The brother of one of the 11 workers killed last year on the Deepwater Horizon rig knows Gulf offshore drilling is important to his home state of Louisiana, but he wants Congress to keep pressuring the oil and gas industry to improve safety.
Chris Jones told the House Committee on Natural Resources at a hearing on Mar. 16 that while BP and other energy companies want to move on, he believes no one should have to needlessly risk his or her life to earn a living.
Officials from several Gulf states countered that deepwater drilling permits are not being issued fast enough, costing jobs and revenue.
Jones’ brother, Gordon, was a mud engineer for M-I Swaco, a unit of the Schlumberger oil field services firm, who was killed when the rig exploded. The blast led to the worst offshore oil spill in U.S. history.
Also on Mar. 16, the Senate Committee on Environment and Public Works held a hearing to discuss the investigation of the disaster that was conducted by the presidentially appointed oil spill commission. The two co-chairs of the commission, as they have done before, discussed the findings and recommendations in the final report that the commission issued.
The subject of offshore drilling came up repeatedly during that hearing.
“We know one thing. If oil is drilled, oil will be spilled,” said Sen. Frank Lautenberg, D-New Jersey. “We saw it in the worst of terms on the Gulf of Mexico. We don’t need to see a repeat of that.”
A federal appeals court on Mar. 15 blocked a judge’s order requiring regulators to act on several drilling permit applications.
The federal government filed court documents earlier this month saying it may have to deny the applications if regulators must make a decision within 30 days as ordered.
The order was issued by U.S. District Judge Martin Feldman, who overturned the Obama administration’s moratorium on deepwater drilling. That moratorium followed energy company BP PLC’s oil spill in the Gulf of Mexico.

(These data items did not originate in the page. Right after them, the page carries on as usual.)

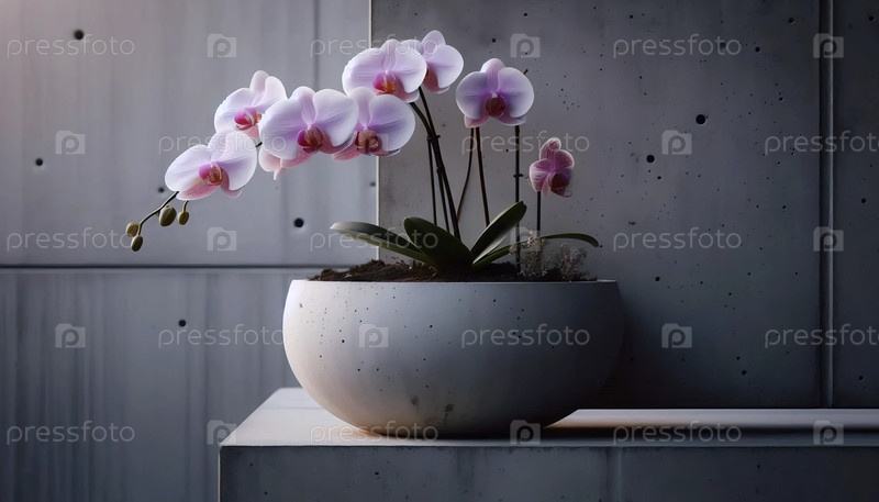 Орхидея в бетонном горшке, Ai generated image
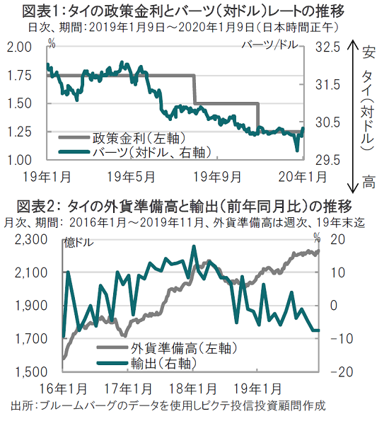 タイ銀行(中央銀行)のウィラタイ総裁は2020年1月8日のインタビューで、バーツ高の抑制に向け(図表1参照)、今後数カ月間で資本流出規制をさらに緩和していく方針を示唆しました。これを受け、バーツは下落しました。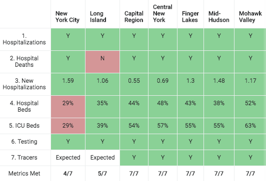 纽约市长白思豪(Bill de Blasio)和纽约州州长科莫都表示,纽约市目前有望在6月的第一周或第二周重新开放。有三个标准挡住了它的去路:只需要比目前的可用医院床位和重症监护病房(29%)再增加1%,就能达到科莫提出的30%的开放门槛,以确保潜在的复发不会再次压倒整个系统;还需要满足接触追踪目标,不过在其他9个已经或准备重新开放的地区,这是最后一个确定的目标——通常是在重新开放后的24小时内。

Feldman ruled last month that the government must act on five applications within 30 days. He later said his ruling also applies to two other permits.
But the 5th U.S. Circuit Court of Appeals issued a stay, blocking Feldman’s ruling pending the outcome of the government’s appeal.

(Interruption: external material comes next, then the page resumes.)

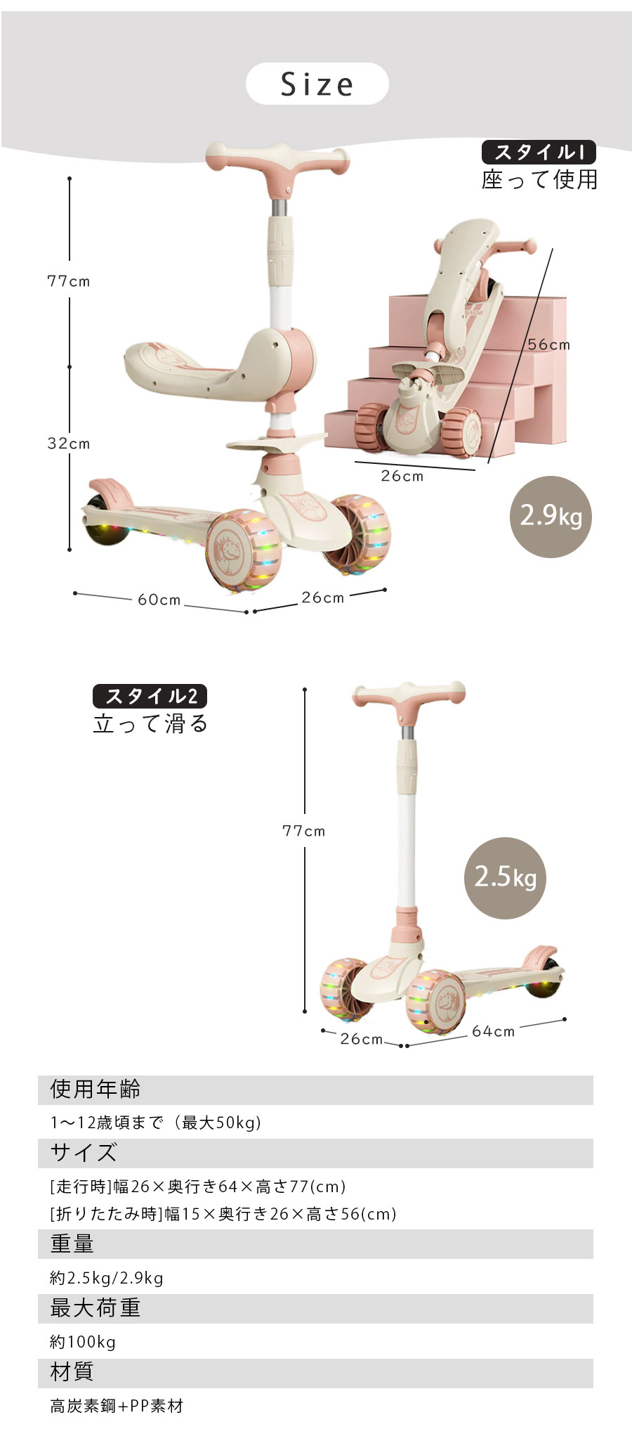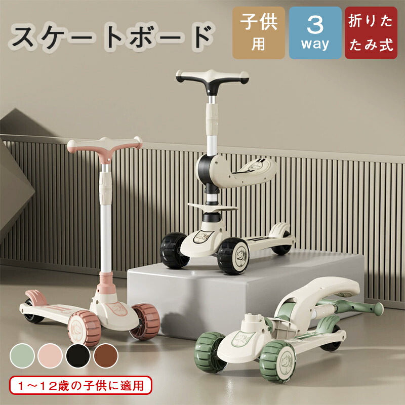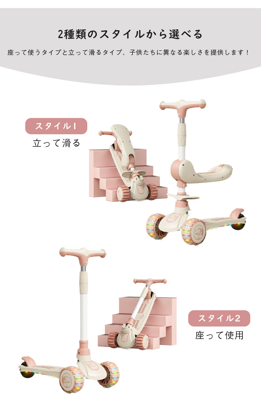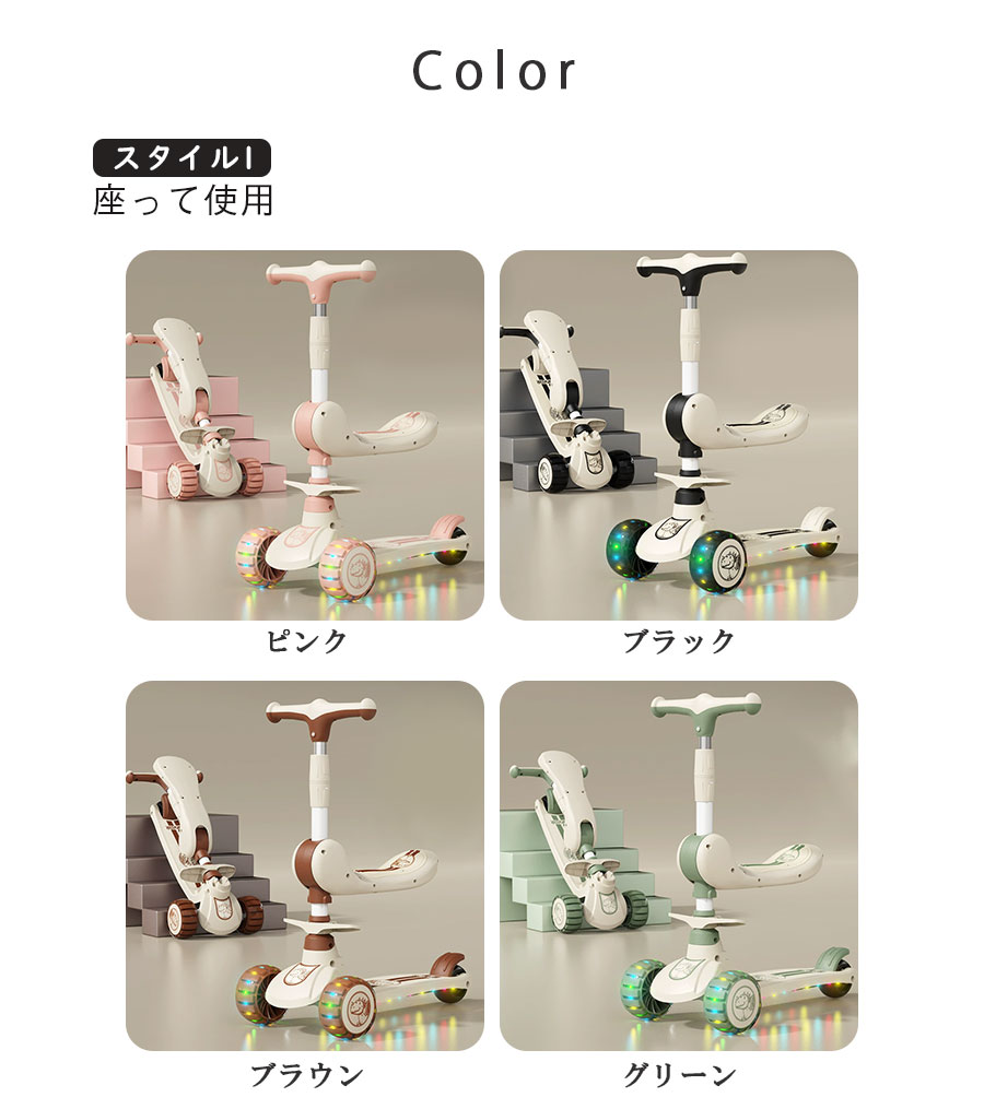 スクーター 子供 1~3歳 6~12歳 スポーツ アウトドア 新登場! ブラック ピンク ブラウン グリーン スタイル1(座って使用) スタイル2(立って滑る)

The moratorium was lifted Oct. 12, but deepwater activities were still stalled for months after that, as regulators required strict new rules to be complied with before they would begin issuing permits again for previously suspended activities.
The first deepwater permit since the oil spill for activity that was previously suspended was issued Feb. 28. A second one was issued recently.
Congress has yet to pass any new laws based on the recommendations of the commission, which issued its final report Feb. 17. Another key investigation by a joint U.S. Coast Guard-Bureau of Ocean Energy Management Regulation and Enforcement panel is still ongoing, and some members of Congress are reserving judgment until that probe is complete.
Oil industry workers, fishermen and others complain nearly a year after the disaster that they are still being hurt by the aftermath of the spill.